+ 2

[SOLVED] Why is the code part infinite?

This is an infinite loop. for(unsigned i=0; i >=0; i--) { // do work ... }

4th Sep 2021, 4:36 PM
mesarthim
mesarthim - avatar
4 Answers
+ 8
That’s because an unsigned int can only be a positive number. i already equals 0, it cannot go into negatives. i will always be greater than or equal to zero, so the check i >= 0 will always return true. It’s effectively the same as: for (;;).
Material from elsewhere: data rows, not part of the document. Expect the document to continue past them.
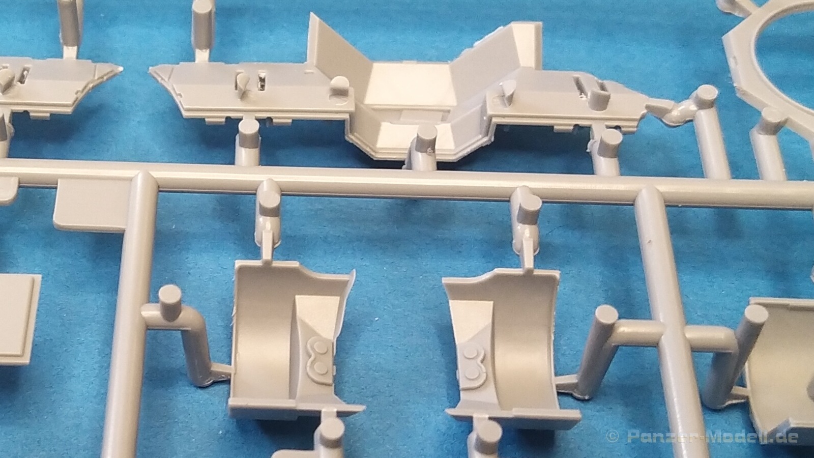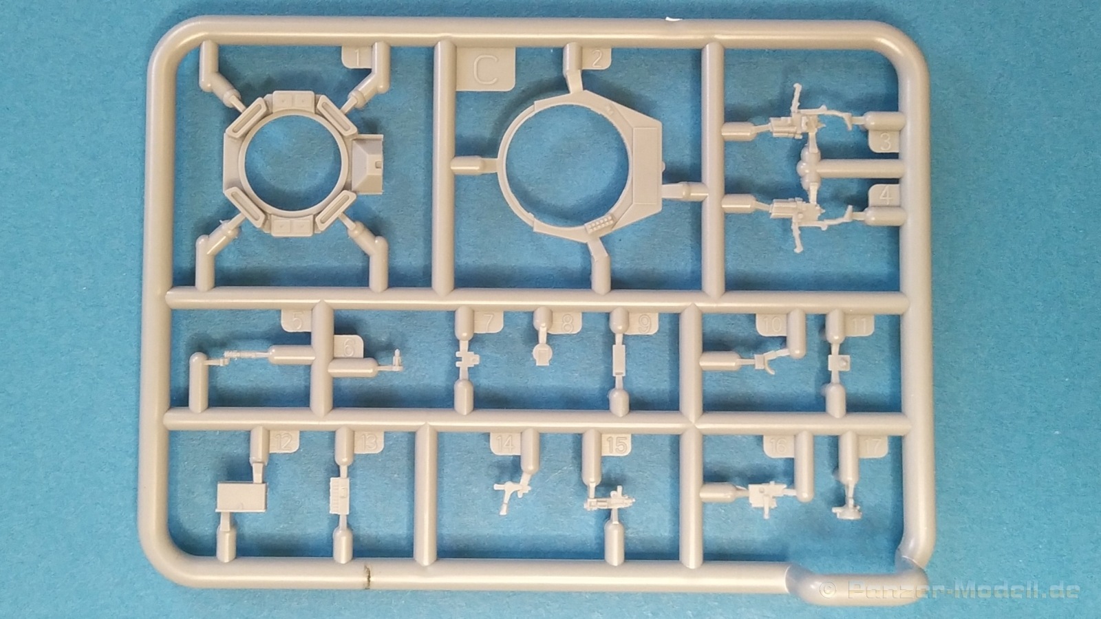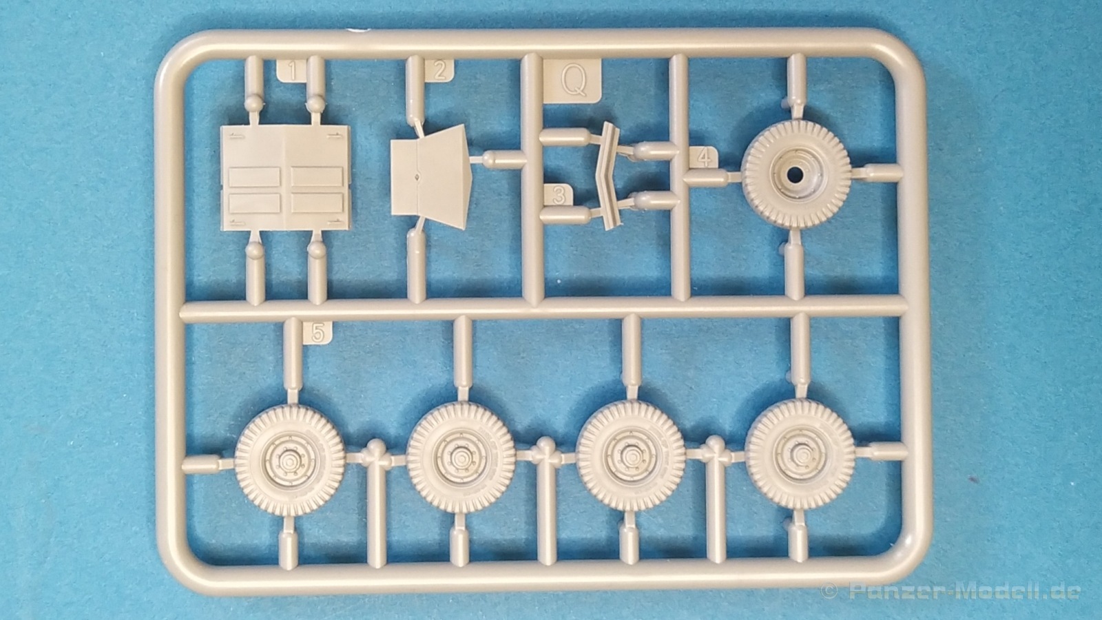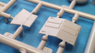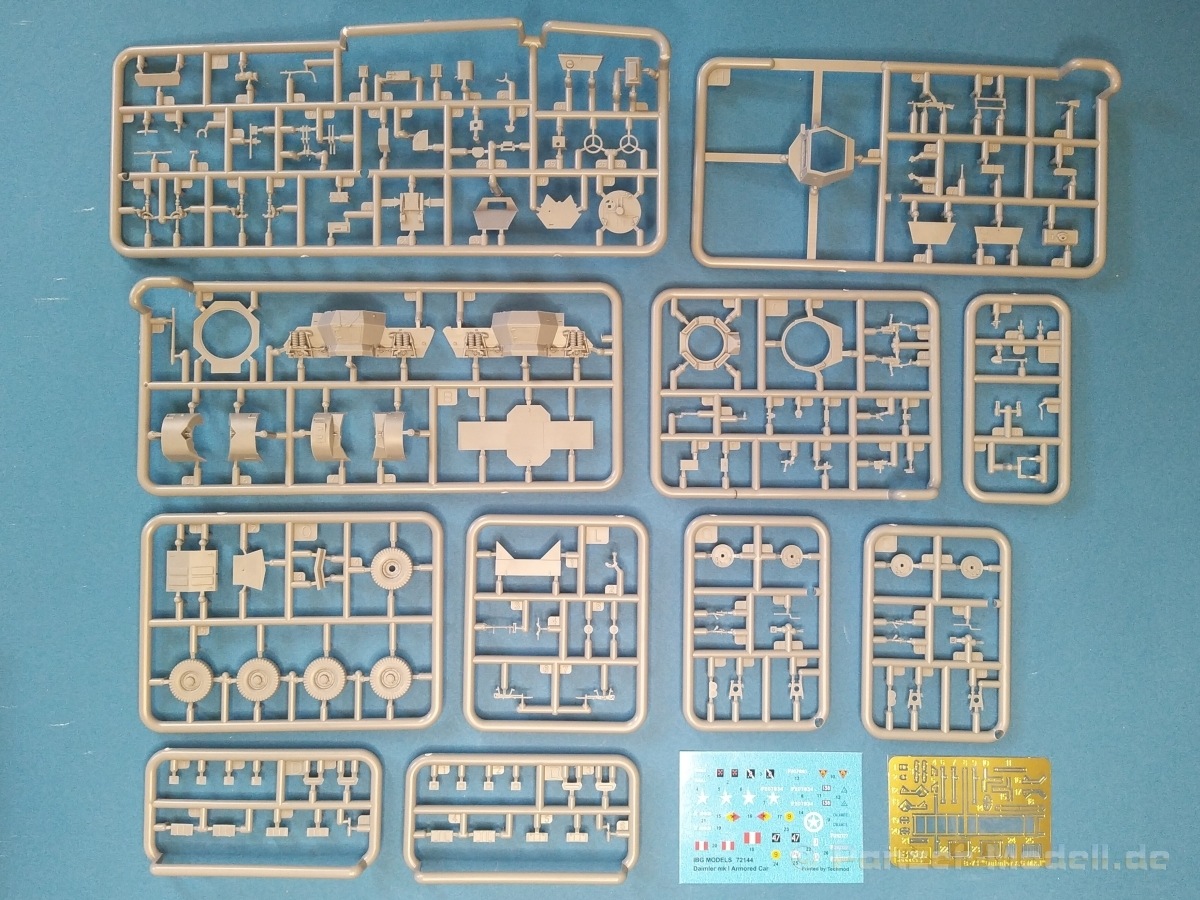 Nach Öffnen des Kartons finden wir wiedermal, wie von IBG gewohnt, sehr gut ausgeführte Spritzlinge in grauer Farbe ohne Grat oder Fischhäute an den Bauteilen. Nennenswerte Auswerfermarken sind auf später sichtbaren Stellen nicht zu finden. Die Details sind scharfkantig fein ausgeführt und die Proportionen des Originalfahrzeuges werden gut wiedergegeben. Die bei diesem Radfahrzeug markanten Räder sind bis auf die innenliegende Bremse einteilig ausgeführt ohne dabei auf Details verzichten zu müssen. Das Profil ist sehr gut wiedergegeben. Der Panzerkastenaufbau links und rechts sind zusammen mit großen Teilen der Federn und Radaufhängungen jeweils ein zusammenhängendes Bauteil. Ein entscheidender Vorteil um die Ausrichtung der Räder beim Bau zu vereinfachen. Erfreulicherweise gibt es für das Fahrgestell und den Turm eine detaillierte Inneneinrichtung. So schaut man bei der offenen Darstellung der Turmluke nicht in ein leeres Fahrzeug. Hier wurden Lenkräder, Munitionshalterungen, Turmbühne, Sitzplätze, Funkgerät und sichtbare Teile der Bewaffnung im Turm umgesetzt. Die Fahrersichtluke kann genauso wie die Turmluke offen oder geschlossen montiert werden. Fotoätzteile sind nur für wirklich wichtige und filigrane Bauteile vorgesehen. Sie sind aber nicht optional zu Plastikteilen zu verwenden, sondern werden immer zum Bau benötigt und sorgen für zusätzliche Detaillierung. Die Darstellungen in der beiliegenden Bauanleitung lassen keine Fragen offen. Alle Hinweise sind wie gewohnt in polnischer und englischer Sprache vorhanden. Anders wie bei anderen Bausätzen des Herstellers, findet man diesmal erfreulicherweise auf der ersten Seite der Bauanleitung einen kurzen historischen Abriss zum Originalfahrzeug. Die zweite Seite zeigt eine Übersicht der enthaltenen Spritzlinge, Decals und Fotoätzteile. Eine gesonderte Darstellung des Innenraumes von Turm und Fahrgestell mit Farbangaben und zugehöriger Tabelle für die Hersteller Vallejo, Hataka, Life Color, Mr. Hobby, AK Interactive und Mission Models folgt auf Seite drei. Im Anschluss startet der Zusammenbau, der sich in 26 Baustufen gliedert. Hier wird pro Baustufe anhand von schwarz-weißen 3D-Zeichnungen der Weg zum fertigen Modell dargestellt bzw. erklärt. Der Bau des Modells startet in den Baustufen 1 und 2 mit der Komplettierung des Innenraums auf der Grundplatte des Fahrgestells. Die folgenden Baustufen zeigen das Anbringen der Teile des Panzerkastens. Hier ist es sinnvoll schon den Innenraum zu bemalen bevor er durch Dach und weitere Aufbauten nicht mehr erreicht werden kann. In Baustufe 6 und 7 wird die Radaufhängung montiert. Die eigentlich einteiligen Räder werden mit einem separaten Innenteil bzw. angedeuteter Bremse in Baustufe 8 ergänzt. Die Baustufen 9 bis 12 zeigen die Montage der Schutzbleche bzw. Radabdeckungen. Hier ist sorgfältiges Arbeiten gefragt. Fotoätzeile müssen rechtwinklig gebogen werden um damit dann die großen Plastikteile zu ergänzen, die dann wiederrum am Panzeraufbau angebracht werden sollen. Die Räder sollen in Baustufe 13 zusammen mit einem Satz Schmutzfänger montiert werden. Für die Lackierung würde ich sie hier aber noch nicht anbringen. Die folgenden Baustufen zeigen dann das Anbringen diverser kleiner und großer Anbauteile wie z.B. Kanister, Kisten etc. bis das Fahrzeug ohne Turm in Baustufe 17 nahezu komplett ist. Ab Baustufe 18 wird der Turm montiert. Nach Einbau des Funkgerätes im Turmheck auf dem Turmunterteil folgt im Weiteren der Einbau der Bewaffnung, Blende und Innendetaillierung des Turmoberteils. Baustufe 24 und 25 zeigen das Anbringen weiterer Details außen am Turm. Der Bau des Modells endet mit Aufsetzen des Turmes in Baustufe 26 und einer nachfolgenden 3D-Ansicht des fertig montierten Modells. Den Abschluss der Bauanleitung bilden dann die 4 Bemalungs- und Markierungsvorschläge. Folgende Markierungs- bzw. Bemalungsvarianten werden gezeigt: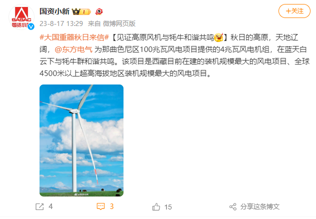 [国资小新]#大国重器秋日来信#见证高原风机与牦牛和谐共鸣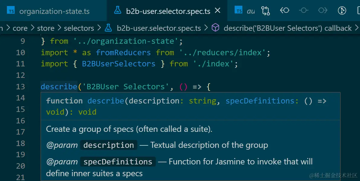 describe: 定义一个test spec group,用来包裹多个specs,也称为suite: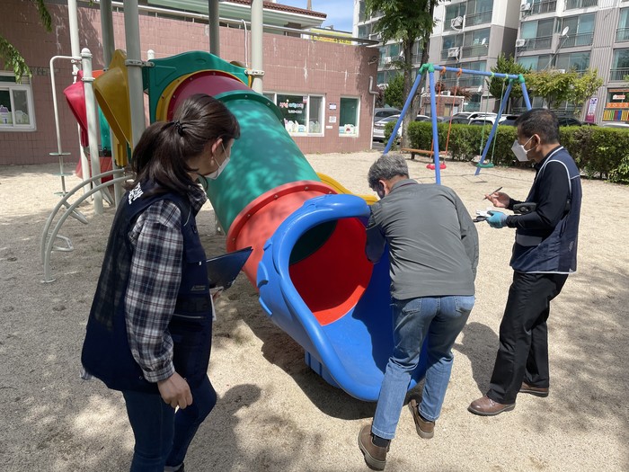 경기 이천시는 안전한 어린이 놀이환경 조성을 위해 최근 2021년 어린이놀이시설 안전점검을 2단계에 걸쳐 실시했다. 현장에서 발견된 사소한 결함은 즉시 보수를 요청하고, 수리·교체가 필요한 사항은 기한내 개선하도록 했다. 사진은 시 관계자들이 지역내 어린이 놀이시설을 점검하고 있는 모습. (사진제공=이천시청)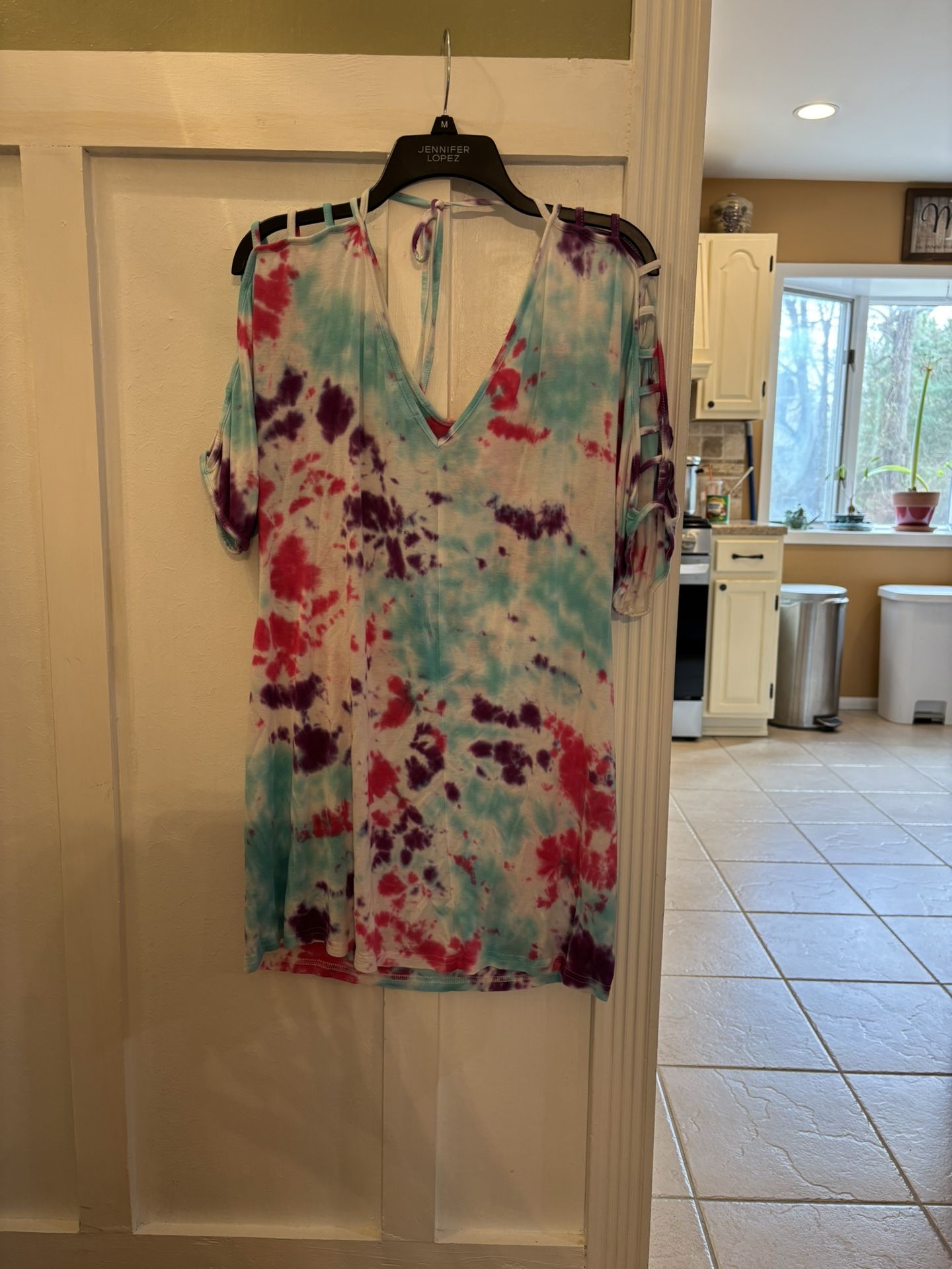 Tye Dye Beach Cover Up Cold Shoulder Sleeves Ties In The Back Size Medium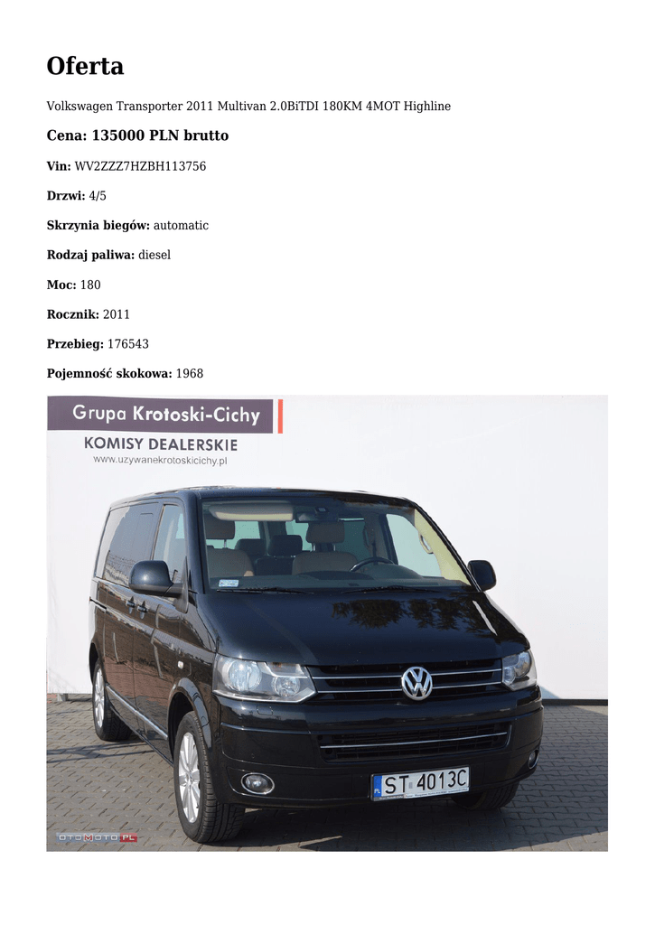 Oferta Volkswagen Transporter 2011 Multivan 2.0BiTDI 180KM 4MOT Highline Cena: 135000 PLN brutto Vin: WV2ZZZ7HZBH113756 Drzwi: 4/5 Skrzynia biegów: automatic Rodzaj paliwa: diesel Moc: 180 Rocznik: 2011 Przebieg: 176543 Pojemność skokowa: 1968 Opis: Auto-Handel-Centrum Krotoski-Cichy Autoryzowany Dealer VW Audi Seat Skoda GWARANCJA POCHODZENIA MOŻLIWOŚĆ SPRAWDZENIA POJAZDU W STACJI OBSŁUGI. MOŻLIWOŚĆ POZOSTAWIENIA SWOJEGO SAMOCHODU UŻYWANEGO W ROZLICZENIU -----------------------------------------------------------------------------------------------------------------------------------------------------Uwaga: Miejsce ekspozycji pojazdu - Grupa Krotoski-Cichy Salon Pojazdów Używanych Wysogotowo, ul. Skórzewska 8 Osoba kontaktowa tel: Maximilian Gera - 609 790 272 Przemysław Mantaj - 601 750 883 Mariusz Kowalewski - 609 795 053 Możliwa jazda próbna po wcześniejszym uzgodnieniu terminu -----------------------------------------------------------------------------------------------------------------------------------------------------Volkswagen T5 Multivan 2.0 180KM BiTDI 4MOT. Highline Pojazd kupiony w Polskim salonie Volkswagen Przebieg: 176 543 km ABS (system zapobiegający blokowaniu kół podczas hamowania) Poduszki powietrzne przednie oraz boczne ASR (system zapobiegający utracie przyczepności kół podczas przyspieszania) Podłoga wyłożona wykładziną welurową Alarm antywłamaniowy z własnym zasilaniem, dozorem wnętrza i zabezpieczeniem przed odholowaniem Przygotowanie do montażu radia: antena w lusterkach zewnętrznych, 8 głośników Czujnik deszczu Rolety przeciwsłoneczne w bocznych oknach Drzwi boczne przesuwne elektrycznie po lewej stronie z domykaniem Siedzenia obrotowe i składane dla dwóch pasażerów w pierwszym rzędzie Drzwi boczne przesuwne elektrycznie po prawej stronie z domykaniem Siedzenie kierowcy i pasażera z podłokietnikami i podparciem odcinka lędźwiowego, podgrzewane Drzwi boczne przesuwne z lewej strony z elektrycznym domykaniem Siedzenie trzyosobowe rozkładane w drugim rzędzie siedzeń, z trzema szufladami EDS-elektron. blokada mech. różnicowego Stolik środkowy, wielofunkcyjny ESP (elektroniczny system stabilizacji toru jazdy z asystentem hamowania) Szyby barwione Felgi aluminiowe Neva, 17 calowe Tapicerka siedzeń Skóra/Alcantara Filtr cząstek stałych (DPF) Tempomat Immobilizer Uchwyty do mocowania ładunku Kierownica i dźwignia zmiany biegów obszyte skórą Wspomaganie ruszania pod górę Klapa tylna z elektrycznym wspomaganiem domykania Wspomaganie układu kierowniczego zależne od prędkości (servotronic) Klimatyzacja z elektroniczną regulacją Climatronic, trzystrefowa Zamek centralny sterowany pilotem z zabezpieczeniem Safe i uruchamianiem od wewnątrz Komputer pokładowy premium (kolorowy wyświetlacz TFT LCD) Zderzaki lakierowane w kolorze nadwozia Listwa osłony wlotu powietrza do chłodnicy chromowana Ściany boczne wyłożone skórą Listwy boczne w kolorze nadwozia 38. Światła do jazdy dziennej Okna przyciemnione w przestrzeni pasażerskiej Światła przeciwmgielne z przodu ze statycznym doświetlaniem zakrętów Pakiet elementów chromowanych (zaw. światła przeciwmgielne) Żaluzja przestrzeni bagażowej Blokada tylnego mechanizmu różnicowego, manualna Lakier metaliczny lub perłowy Pakiet 2690 Pakiet elektryczny I Poduszki (kurtyny) powietrzne w przestrzeni pasażerskiej Rear Assist - asystent parkowania z kamerą w tylnej klapie Skrzynia biegów DSG, automatyczna 7-stopniowa i inne NA POWYŻSZY POJAZD WYSTAWIANA JEST FAKTURA VAT 23% - KUPUJĄCY ZWOLNIONY Z OPŁATY SKARBOWEJ ( 2% wartości pojazdu) -----------------------------------------------------------------------------------------------------------------------------------------------------Oferujemy kompleksową obsługę sprzedaży ratalnej na bardzo dogodnych warunkach - w celu bliższego zapoznania się z aktualną ofertą finansowania prosimy o kontakt : Katarzyna Świątkiewicz - 609 562 980 Oferujemy ubezpieczenia samochodowe z wiodących na rynku ubezpieczalni - możliwość zakupu pakietu ubezpieczeniowego na miejscu. Oferujemy możliwość jazdy próbnej przed zakupem oraz usługę inspekcji pojazdu. Przyjmujemy również w rozliczeniu każdy pojazd. -----------------------------------------------------------------------------------------------------------------------------------------------------Ogłoszenie ma charakter informacyjny i stanowi zaproszenie do zawarcia umowy (art. 71 Kodeksu cywilnego); nie stanowi natomiast oferty handlowej w rozumieniu art. 66 § 1 Kodeksu cywilnego. W celu sprawdzenia zgodności oferty oraz uzyskania wszelkich informacji prosimy kontaktować się z handlowcem d.s. samochodów używanych Auto możesz zobaczyć: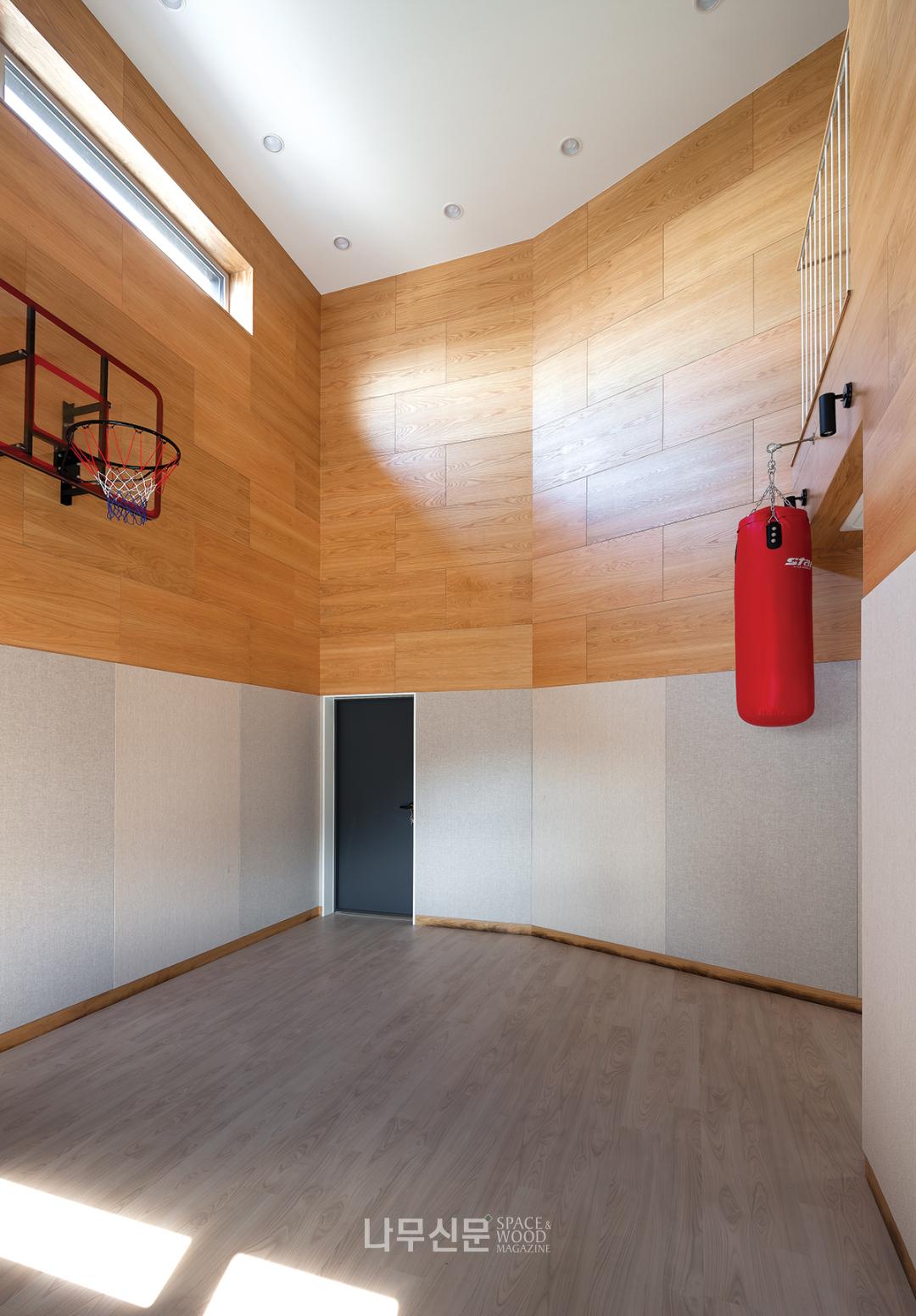 가족의 여가와 취미를 중심으로 설계된 독특한 공간 활용이 특징이다. 내부에 실내 농구장을 배치해 여가를 즐기면서도 건강한 라이프스타일을 실현할 수 있도록 했다.

Here’s an example that is not infinite, using a signed int which allows negatives: for (int i = 0; i >= -10; --i) { printf("%d", i); }e Abhay explains below, that on the decrement iteration where i equals zero, the counter goes back to the max positive value, like an odometer.
4th Sep 2021, 4:45 PM
DavX
DavX - avatar
+ 3
It does not only remains zero as i thought . Look at the example , for(unsigned int i=0;i>=0;i--){ printf("%lu\n",i); } It will start decrementing from the max value of unsigned int after we try to make the number negative .
4th Sep 2021, 5:26 PM
Abhay
Abhay - avatar
+ 2
As i is unsigned data type so its value never become negative so it becomes infinite
4th Sep 2021, 6:33 PM
Mohd Aadil
Mohd Aadil - avatar
+ 1
Thanks for all explanations! :) DavX , Abhay , Mohd Aadil .
4th Sep 2021, 6:42 PM
mesarthim
mesarthim - avatar